__INSTRUCTIONS FOR THE TASK__.
Write out exactly, with both ends included, the lines that run from the line containing "Durante su cita" to the end of the entries. Pictures are not part of the answer.

__GIVEN DATA__.
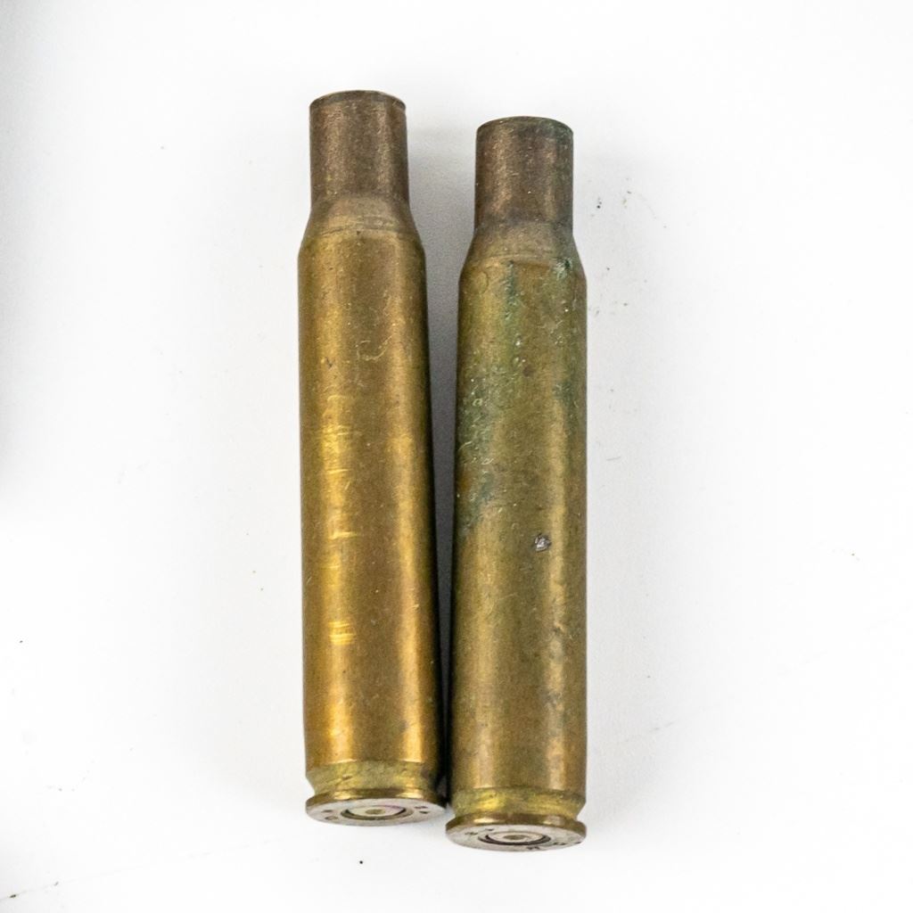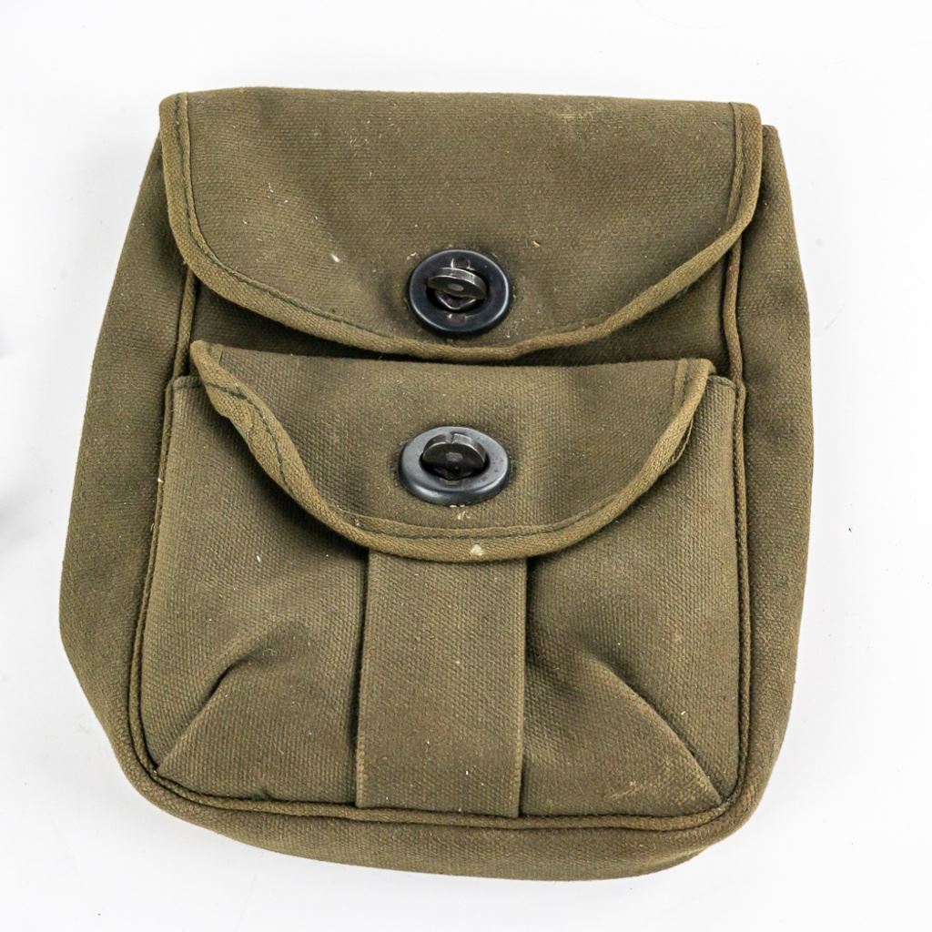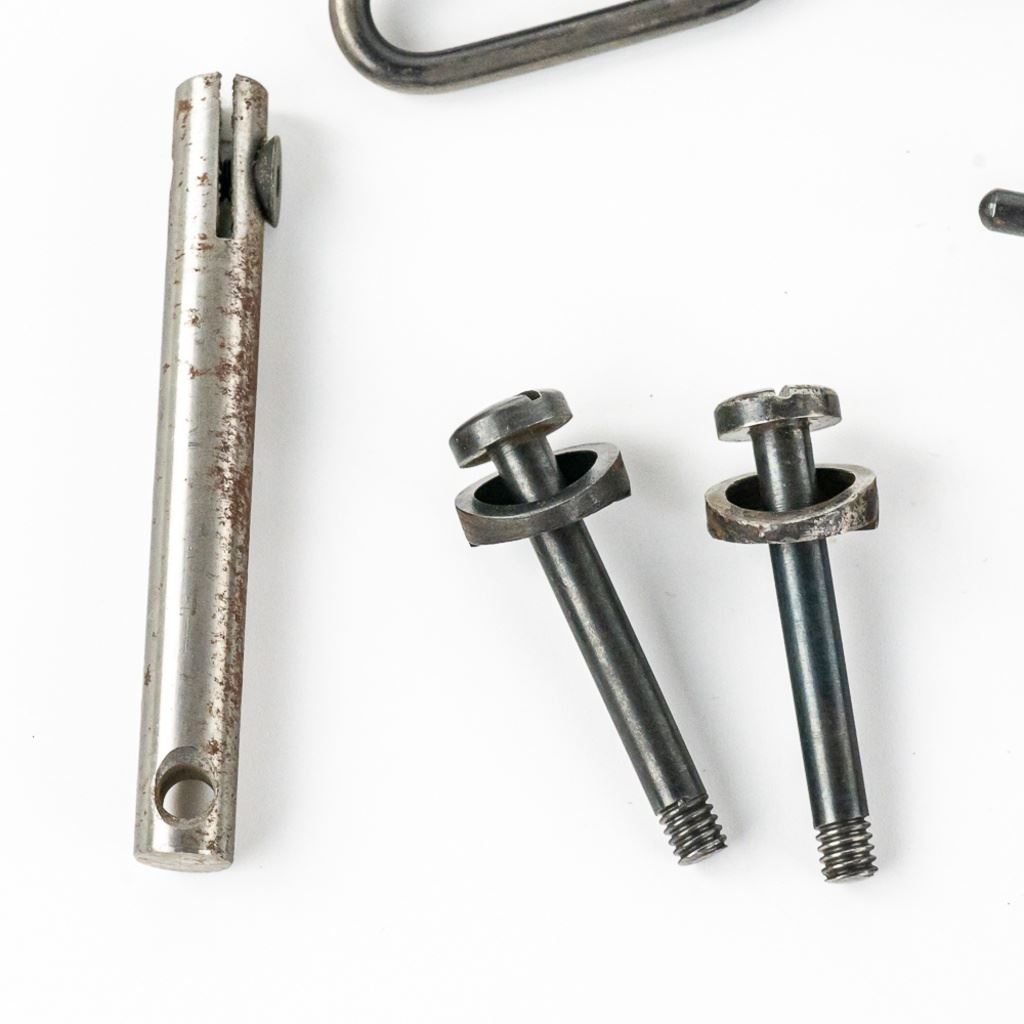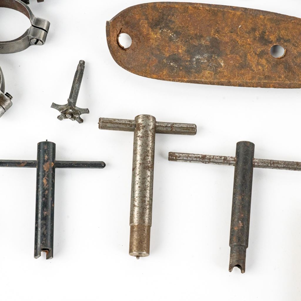 This lot includes 9 Mauser rifle barrel bands (some marked with "U". 4 different types of nipple wrenches, 14 mixed small caliber pistol rounds mostly .38 S&W. 8 pc. musket part set with buttplate, 1 unknown revolver extractor star, 2 .30.06 brass shells, Two 1.5" rifles screws and washers. One modern civilian OD colored mag and ammo pouch.
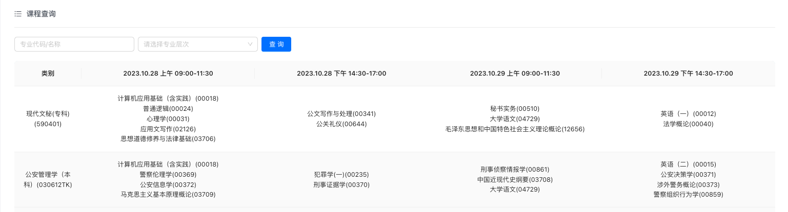 即可查詢(xún)本次考試課程信息。
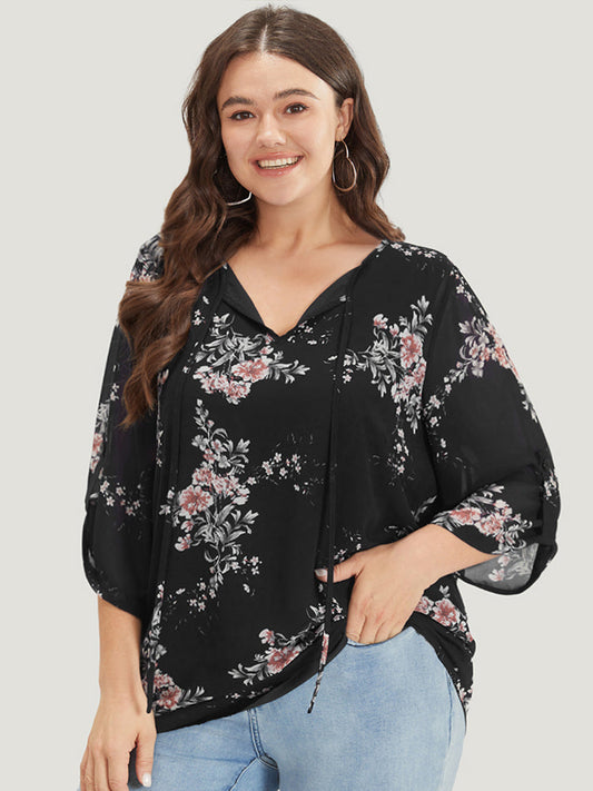 Floral Print Knot Neck Mesh Tab Sleeve Blouse
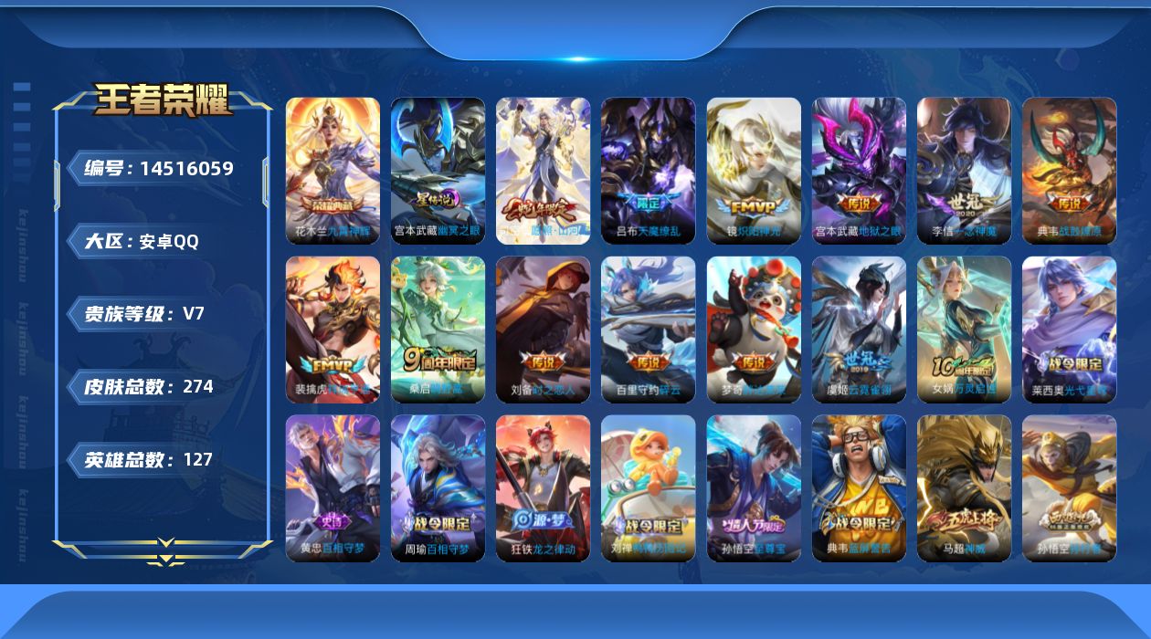 [14516059]安卓q-v7-最强王者段位-127英雄-274皮肤-1典藏皮肤-13传说-63史诗-1星元 【英雄全皮】:蒙恬全皮 【荣耀典藏】:花木兰九霄神辉 【传说皮肤】:后羿神树通天,司空震愿照山河定,裴擒虎祥瑞亨通,桑启鸣野蒿,典韦战鼓燎原,百里守约碎云,镜炽阳神光,李信一念神魔,刘备时之恋人,虞姬云霓雀翎,梦奇胖达荣荣,宫本武藏地狱之眼,吕布天魔缭乱 【限定皮肤】:白起狰,大乔绒语心约,姜子牙天穹之誓,狄仁杰阴阳师,虞姬凯尔特女王,赵云皇家上将,庄周蜃楼王,庄周高山流水,高渐离玩趣恶龙,孙膑妖精王,扁鹊炼金王,芈月重明,吕布天魔缭乱,夏侯惇朔风刀,曹操烛龙,典韦穷奇,典韦蓝屏警告,狄仁杰魔术师,狄仁杰万华元夜,达摩沙漠行僧,项羽海滩派对,老夫子醍醐杖,程咬金演武夺筹,韩信逐梦之影,兰陵王金庭之子,孙悟空至尊宝,孙悟空孙行者,牛魔御旌,李元芳云中旅人,钟馗驱傩正仪,杨玉环遇见飞天,杨戬潮玩骑兵,女娲朔望之晖,雅典娜黎明之约,太乙真人饕餮,鬼谷子原初探秘者,黄忠烈魂,苏烈千军破阵,百里玄策原初追逐者,弈星混沌棋,梦奇顽趣,沈梦溪大漠名商,明世隐疑决卦,狂铁御狮,米莱狄御霄,盾山御銮,嫦娥拒霜思,张良古海寻踪,蒙恬荣光圣徽,鬼谷子天穹祈灯,姬小满妄想食味,刘邦剑破天穹,程咬金群星魔术团,刘备异域游侠,周瑜熔金海岸 【年限皮肤】:马超神威,黄忠烈魂 【赛季限定】:庄周蜃楼王,孙膑妖精王,扁鹊炼金王,白起狰,芈月重明,夏侯惇朔风刀,曹操烛龙,典韦穷奇,狄仁杰万华元夜,达摩沙漠行僧,老夫子醍醐杖,程咬金演武夺筹,兰陵王金庭之子,张良古海寻踪,牛魔御旌,李元芳云中旅人,虞姬凯尔特女王,钟馗驱傩正仪,雅典娜黎明之约,太乙真人饕餮,鬼谷子原初探秘者,苏烈千军破阵,百里玄策原初追逐者,弈星混沌棋,梦奇顽趣,沈梦溪大漠名商,明世隐疑决卦,狂铁御狮,米莱狄御霄,盾山御銮,鬼谷子天穹祈灯,蒙恬荣光圣徽,刘邦剑破天穹,姜子牙天穹之誓 【战令限定】:典韦蓝屏警告,杨戬潮玩骑兵,女娲朔望之晖 【史诗皮肤】:露娜紫霞仙子,赵云皇家上将,甄姬冰雪圆舞曲,王昭君偶像歌手,狄仁杰魔术师,廉颇地狱岩魂,宫本武藏鬼剑武藏,孙尚香水果甜心,嬴政暗夜贵公子,妲己魅力维加斯,妲己女仆咖啡,墨子龙骑士,墨子金属风暴,刘禅绅士熊喵,曹操幽灵船长,李白千年之狐,韩信白龙吟,孙悟空至尊宝,花木兰水晶猎龙者,韩信逐梦之影,夏侯惇
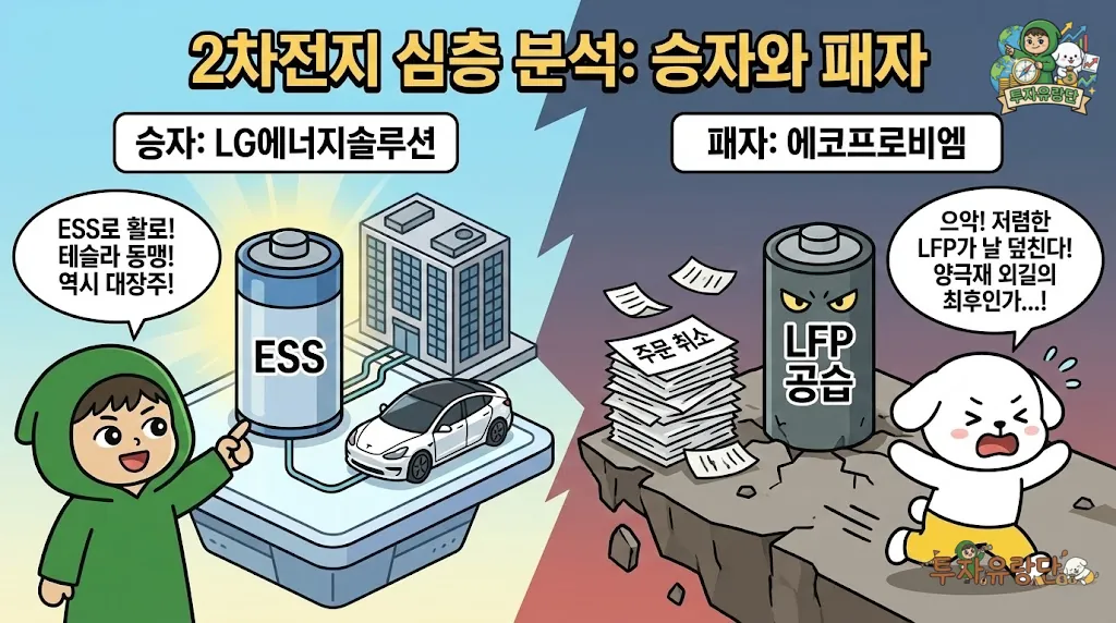 극단적 차별화: LG에너지솔루션은 버티지만 에코프로비엠은 위험합니다. 기술력과 자금력을 갖춘 소수 정예만 살아남습니다.
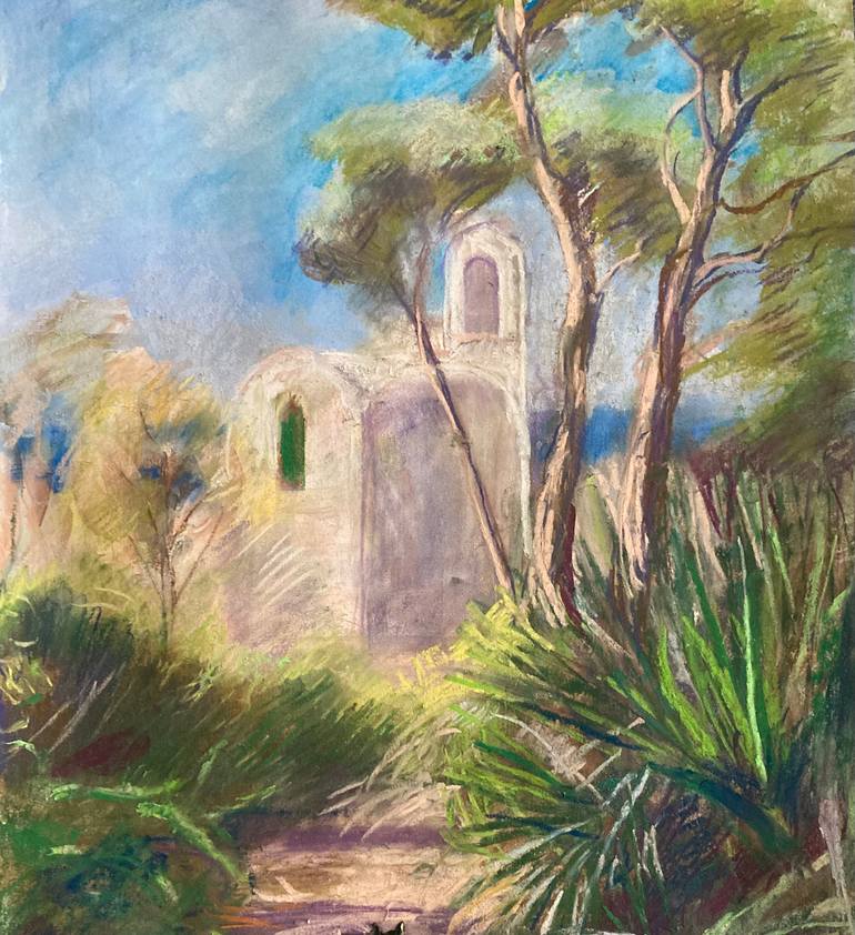 A recent holiday inspired this pastel drawing of an abandoned villa on capri
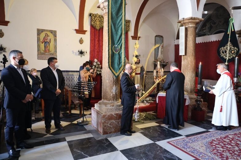 El alcalde ha mostrado su apoyo a la hermandad en una Semana Santa tan atípica como esta, en la que no habrá salidas procesionales, y en la que la hermandad ha decidido ampliar el horario de apertura de la capilla durante los días asignados para sus tradicionales estaciones de penitencia, el Domingo de Ramos con La Borriquita, el Martes Santo con Jesús Cautivo y el Viernes Santo con el Cristo de la Veracruz y la Virgen de las Angustias.
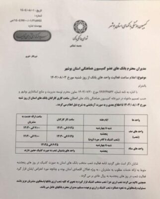 به گزارش ندای استان،طبق اعلام کمیسیون هماهنگی باتک های استان بوشهر، شعب بانکی از شنبه تا چهارشنبه ساعت ۷ تا ۱۳:۳۰ به مشتریان خدمات دهی می کنند.
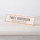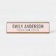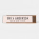 A moderna placa de nome rosa claro e preto da mesa inclui o nome do funcionário e o título do trabalho profissional em fontes de na moda. Pode ser totalmente personalizado com o seu texto e cores personalizados e a sua escolha de cor de quadro.
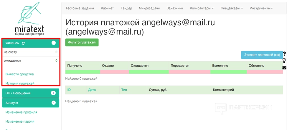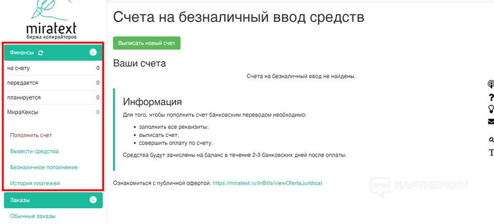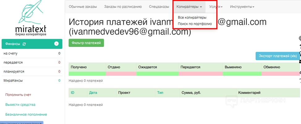 Заказчик может пополнять баланс, переводить деньги авторам и возвращать средства обратно. Счет на бирже один (не считая бонусов МираКексы).
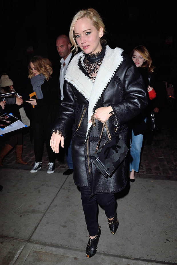 Durante su cita de niñas, JLaw lució efortless sexy al combinar ajustados pantalones negros con botines y una blusa de encaje, bajo un abrigo de cuero.
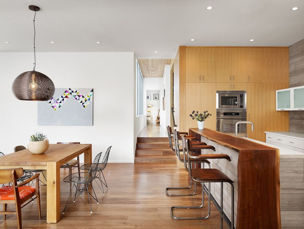 การรวมโต๊ะรับประทานอาหารกับเคาน์เตอร์บาร์เป็นหนึ่งในโซลูชั่นที่น่าสนใจที่สามารถเอาชนะได้อย่างสวยงามในการออกแบบห้องครัว องค์ประกอบที่รวมกันของการตกแต่งภายในมีโต๊ะสองระดับ
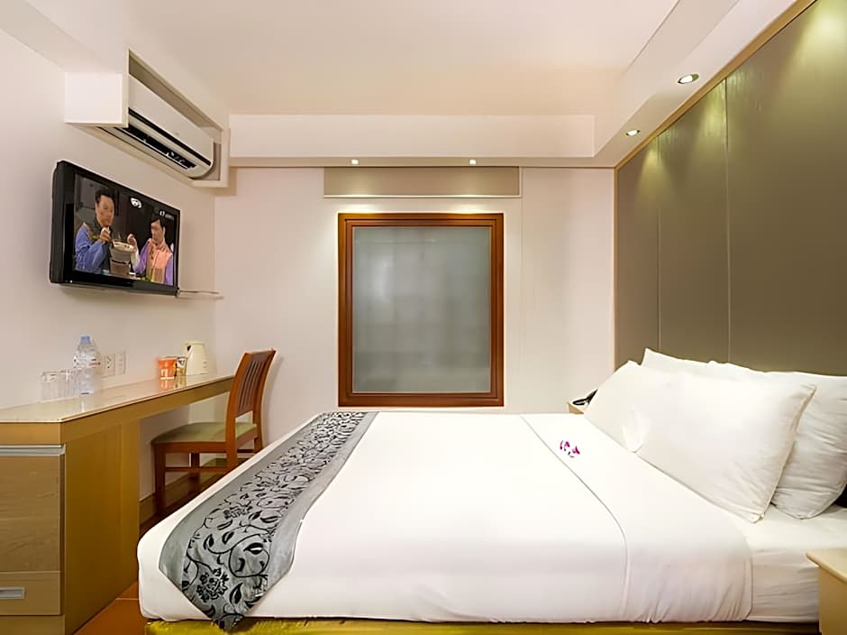 The spacious suites feature either a queen-sized bed or 2 single beds with a duvet and down pillows. Overlooking the street, the room also comes equipped with a mini-bar, cable TV and a private private bathroom that comes equipped with a separate shower. Room rates include: - Complimentary mini-bar - Free early check-in and late check-out (subject to availability) - Free local calls - Free laundry (2 pieces per night) - Free pressing (2 pieces per night) - Welcome fruit basket - Daily turn-down service - 20% discount on laundry and dry-cleaning services - 50% discount on hotel limousine services
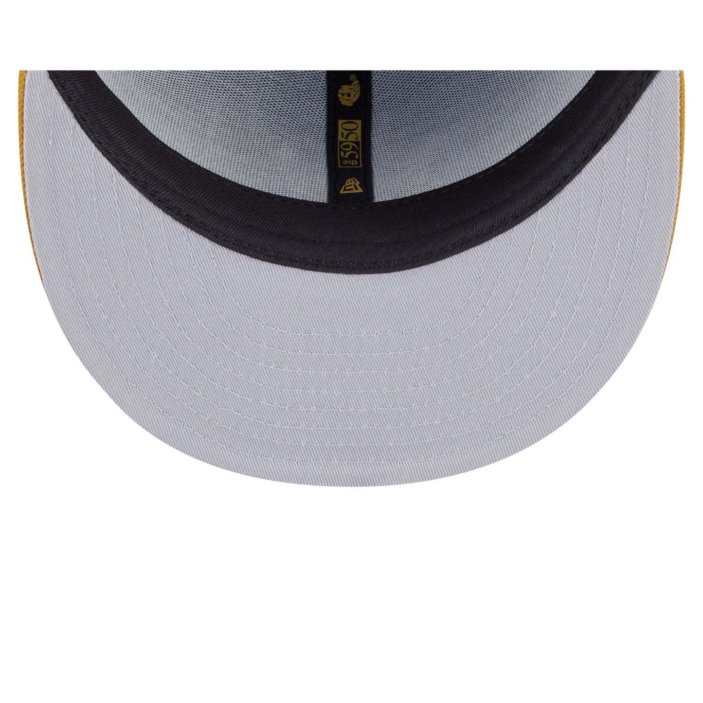 The Miami Marlins Metallic Gold Logo 59FIFTY Fitted Cap features an embroidered gold Marlins logo at the front panels with a matching MLB Batterman logo at the rear. Additional details include a gold visor and a gray undervisor.
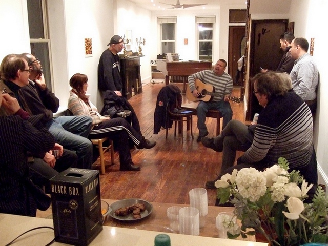 Marcuse and Bermudez open their home to present the work of various artists and the many mediums of expression. It’s an atmosphere welcoming all who come. Brian John Cote, a resident of Fishtown, was the featured artist this night. His art has been exhibited in New York, Berlin, London, and at home in Philadelphia.
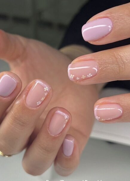 A soft pink ombre base combined with delicate white flowers creates a dreamy and romantic spring manicure.

__ANSWER SPACE__.
 Durante su cita de niñas, JLaw lució efortless sexy al combinar ajustados pantalones negros con botines y una blusa de encaje, bajo un abrigo de cuero.
 การรวมโต๊ะรับประทานอาหารกับเคาน์เตอร์บาร์เป็นหนึ่งในโซลูชั่นที่น่าสนใจที่สามารถเอาชนะได้อย่างสวยงามในการออกแบบห้องครัว องค์ประกอบที่รวมกันของการตกแต่งภายในมีโต๊ะสองระดับ
 The spacious suites feature either a queen-sized bed or 2 single beds with a duvet and down pillows. Overlooking the street, the room also comes equipped with a mini-bar, cable TV and a private private bathroom that comes equipped with a separate shower. Room rates include: - Complimentary mini-bar - Free early check-in and late check-out (subject to availability) - Free local calls - Free laundry (2 pieces per night) - Free pressing (2 pieces per night) - Welcome fruit basket - Daily turn-down service - 20% discount on laundry and dry-cleaning services - 50% discount on hotel limousine services
 The Miami Marlins Metallic Gold Logo 59FIFTY Fitted Cap features an embroidered gold Marlins logo at the front panels with a matching MLB Batterman logo at the rear. Additional details include a gold visor and a gray undervisor.
 Marcuse and Bermudez open their home to present the work of various artists and the many mediums of expression. It’s an atmosphere welcoming all who come. Brian John Cote, a resident of Fishtown, was the featured artist this night. His art has been exhibited in New York, Berlin, London, and at home in Philadelphia.
 A soft pink ombre base combined with delicate white flowers creates a dreamy and romantic spring manicure.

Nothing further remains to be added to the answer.